Dow futures drop more than 400 points, indicating another rough week ahead for Wall Street

Business

Traders work on the floor at the New York Stock Exchange, January 14, 2020.

Brendan McDermid | Reuters

Investors braced for another turbulent week as stock futures tumbled on Sunday night as concerns around the coronavirus kept Wall Street under pressure. 

Dow Jones Industrial Average futures dropped more than 400 points, indicating a loss of 449 points at Monday’s open. S&P 500 and Nasdaq 100 futures fell 1.6% and 1.7%, respectively. 

The Dow, S&P 500 and Nasdaq Composite all fell more than 10% last week, their biggest weekly declines since October 2008.They also entered correction territory, down more than 10% from all-time highs notched earlier in February.

Those declines came after a sharp increase in coronavirus cases outside of China. The number of cases continued to increase over the weekend, including in the U.S.

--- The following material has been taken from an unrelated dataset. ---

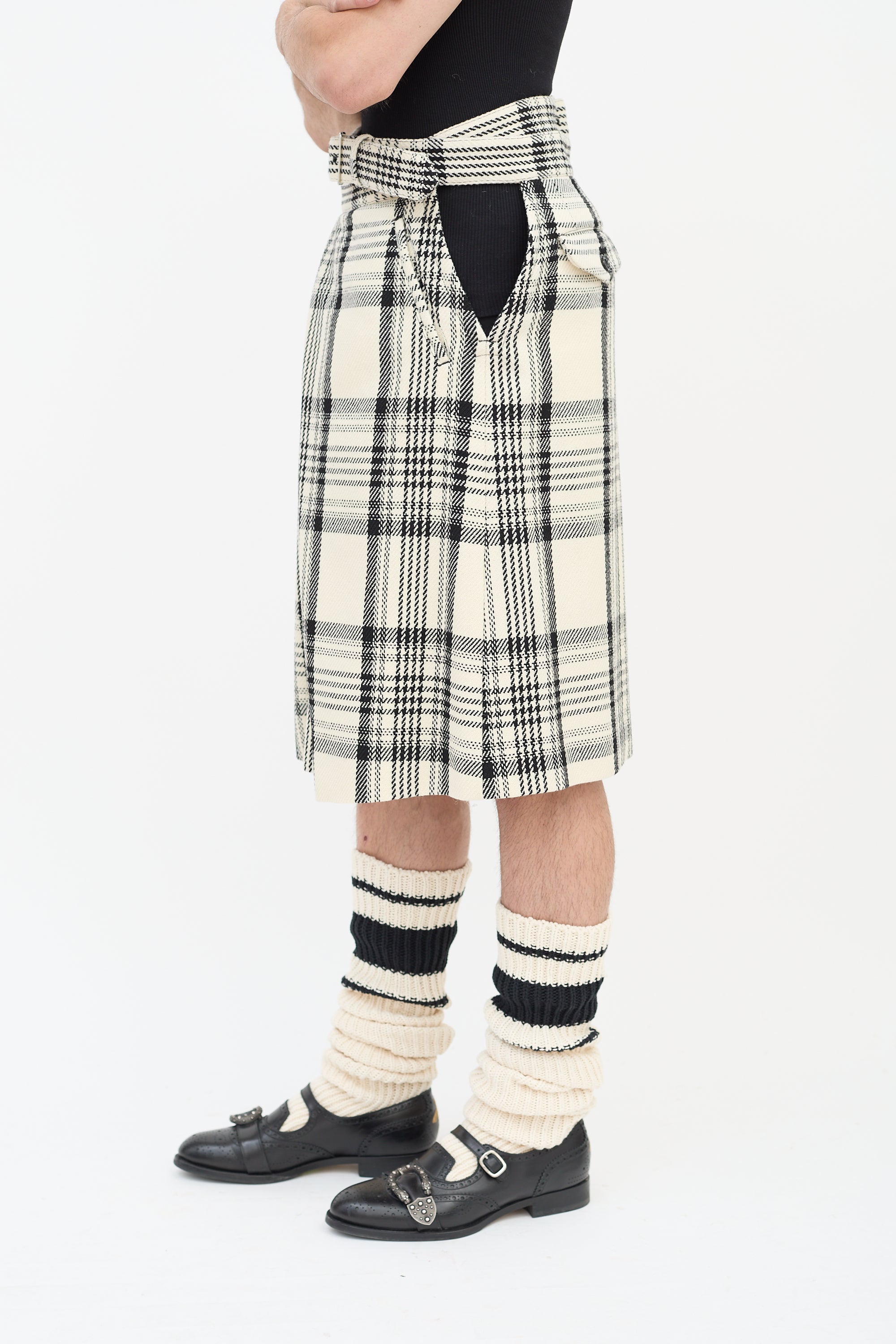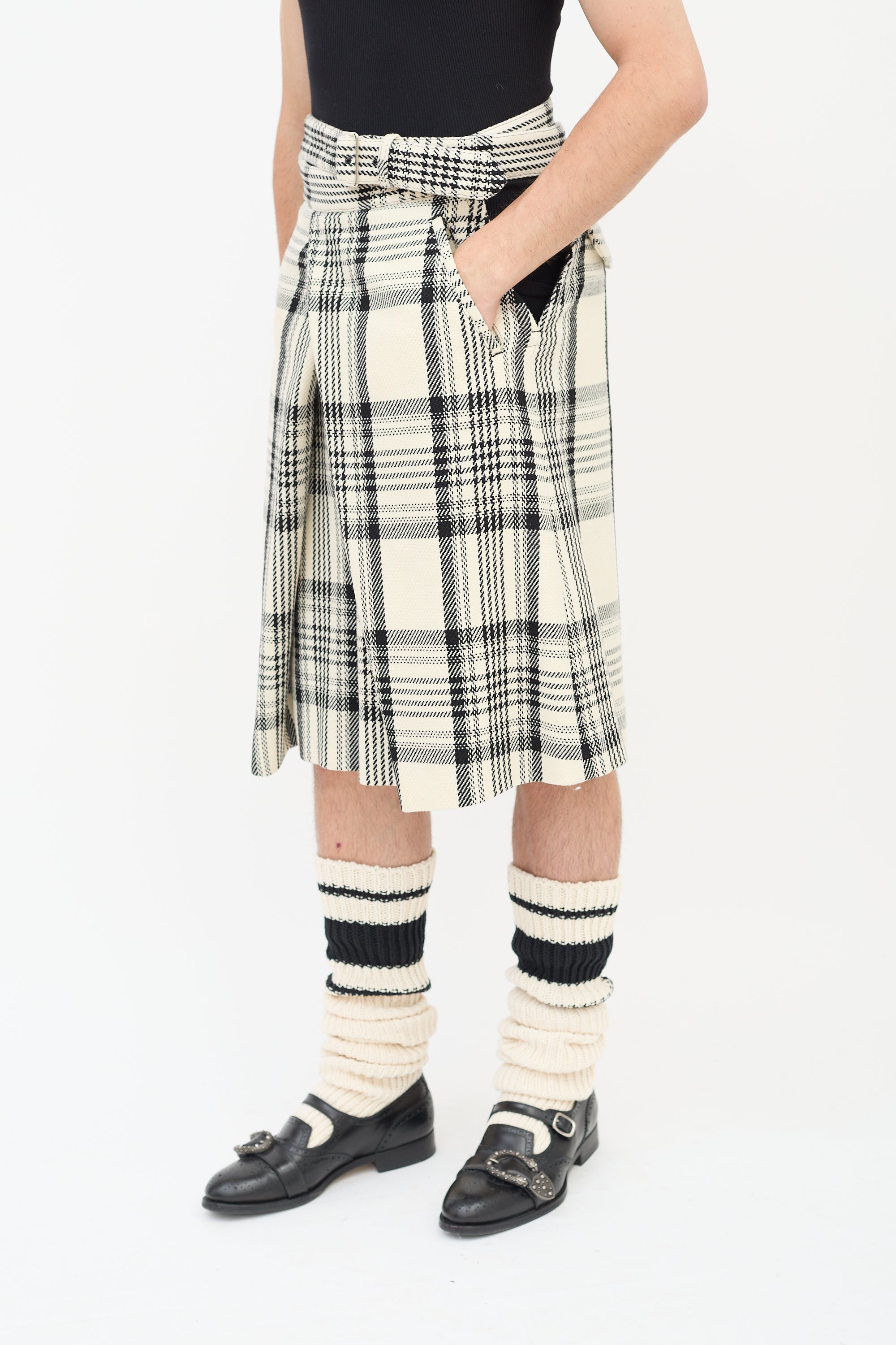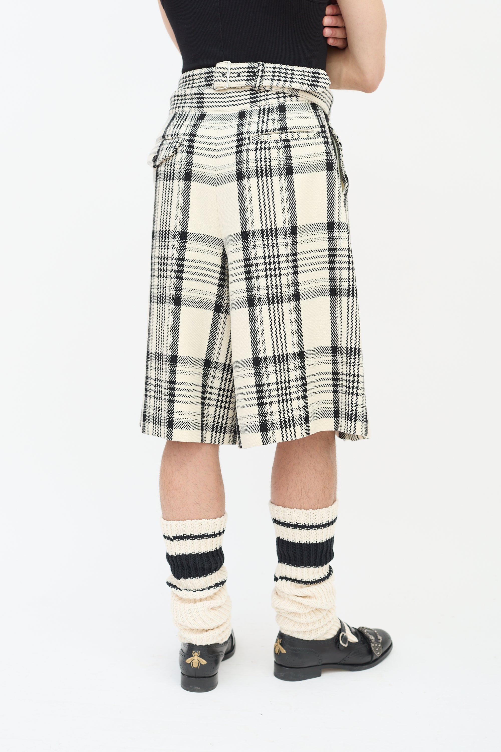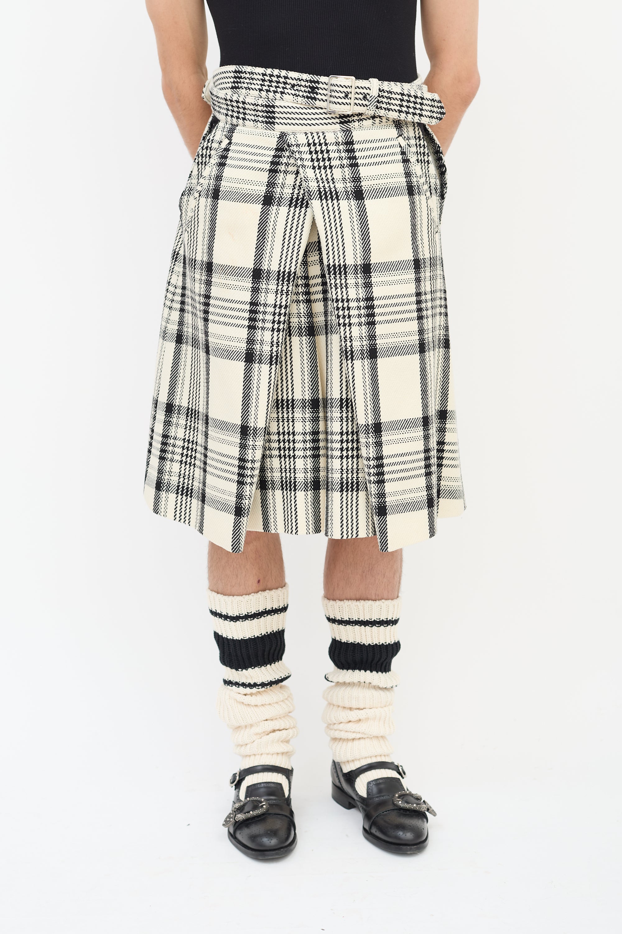 FW 2021 Cream & Black Check Box Pleated Shorts Medium Size Guide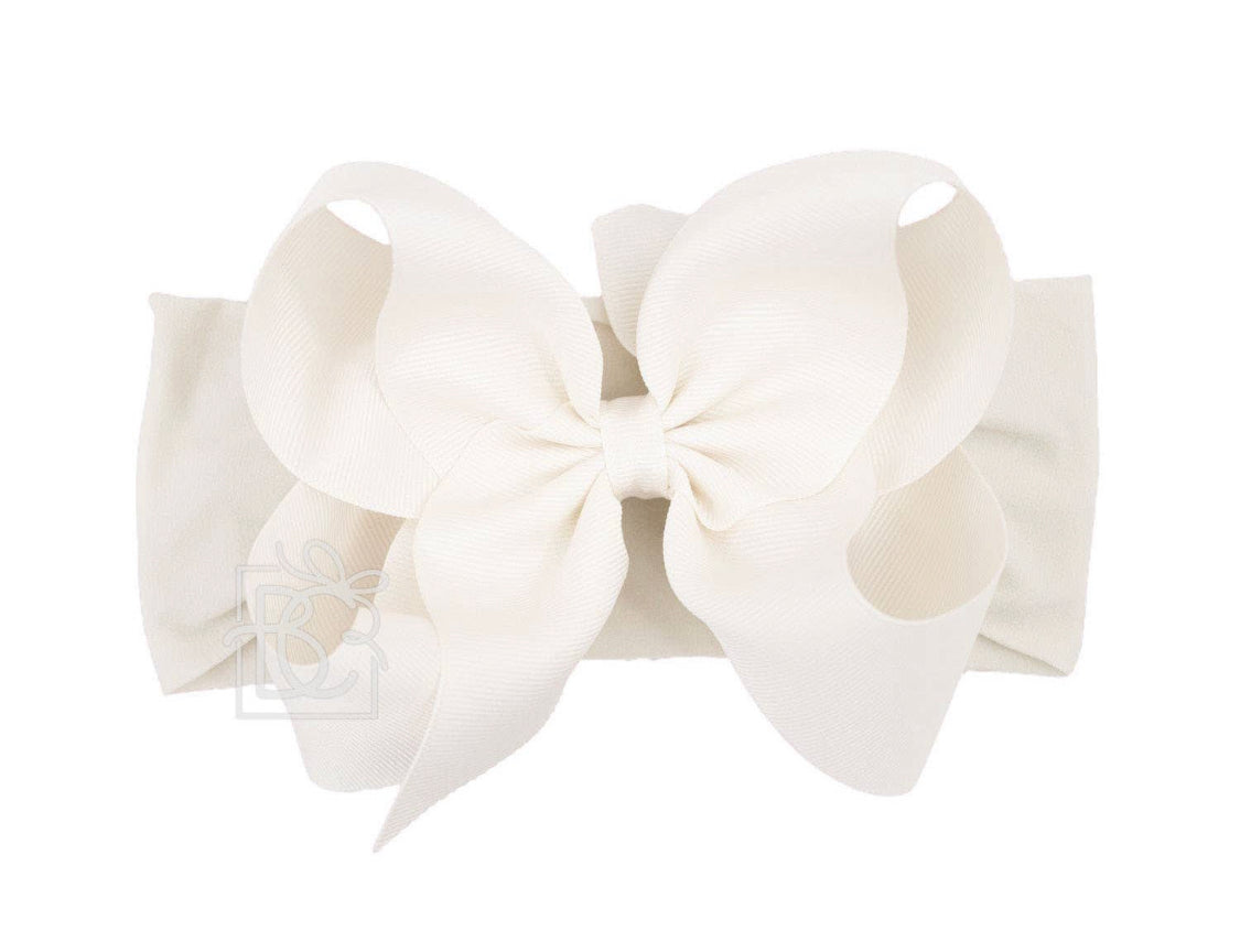 Wide pantyhose headband with extra large 5.5” Grosgain bow

The Japanese yen rose 0.5% to 107.54 per U.S. dollar, an early indication Sunday that the risk-off sentiment that sent equity markets tumbling remains after a weekend full of negative coronavirus-related news.

As of Sunday, more than 85,000 cases have been confirmed around the world along with more than 2,900 virus-related deaths. Australia, Thailand and the U.S. reported over the weekend their first coronavirus-related deaths. Rhode Island was the first U.S. state in the east coast to report a coronavirus case. The number of cases in England rose to 35 after 12 new cases were confirmed on Sunday. Cases in China also reported more than 500 new cases on Saturday.

“The outbreak of Covid-19 has certainly changed the near-term narrative,” said Chetan Ahya, global head of economics at Morgan Stanley, in a note to clients Sunday. “It is an untimely shock, considering that the starting point of global growth was weak, and the recovery was very nascent.”

Horrible China economic data

Wall Street got its first look over the weekend at the economic toll the virus has taken on China, the epicenter of the outbreak.

China’s official manufacturing PMI plunged to 35.7 in February, a record low, from 50 in January. A reading below 50 indicates contraction in a sector.

The plunge “shows the extent to which an outbreak can hit an economy,” said Ed Hyman, a widely followed economist on Wall Street and Evercore ISI chairman, in a note to clients. “All this is quite uncertain, and we may be overreacting. But we also don’t want to underreact.”

Gaming revenues in Macau also plunged nearly 88% last month.

Worries over the coronavirus’ impact on corporate profits and the global economy led investors to seek safer alternatives to stocks, pushing U.S. Treasury yields to all-time lows. The benchmark 10-year Treasury yield broke below 1.15% for the first time ever last week.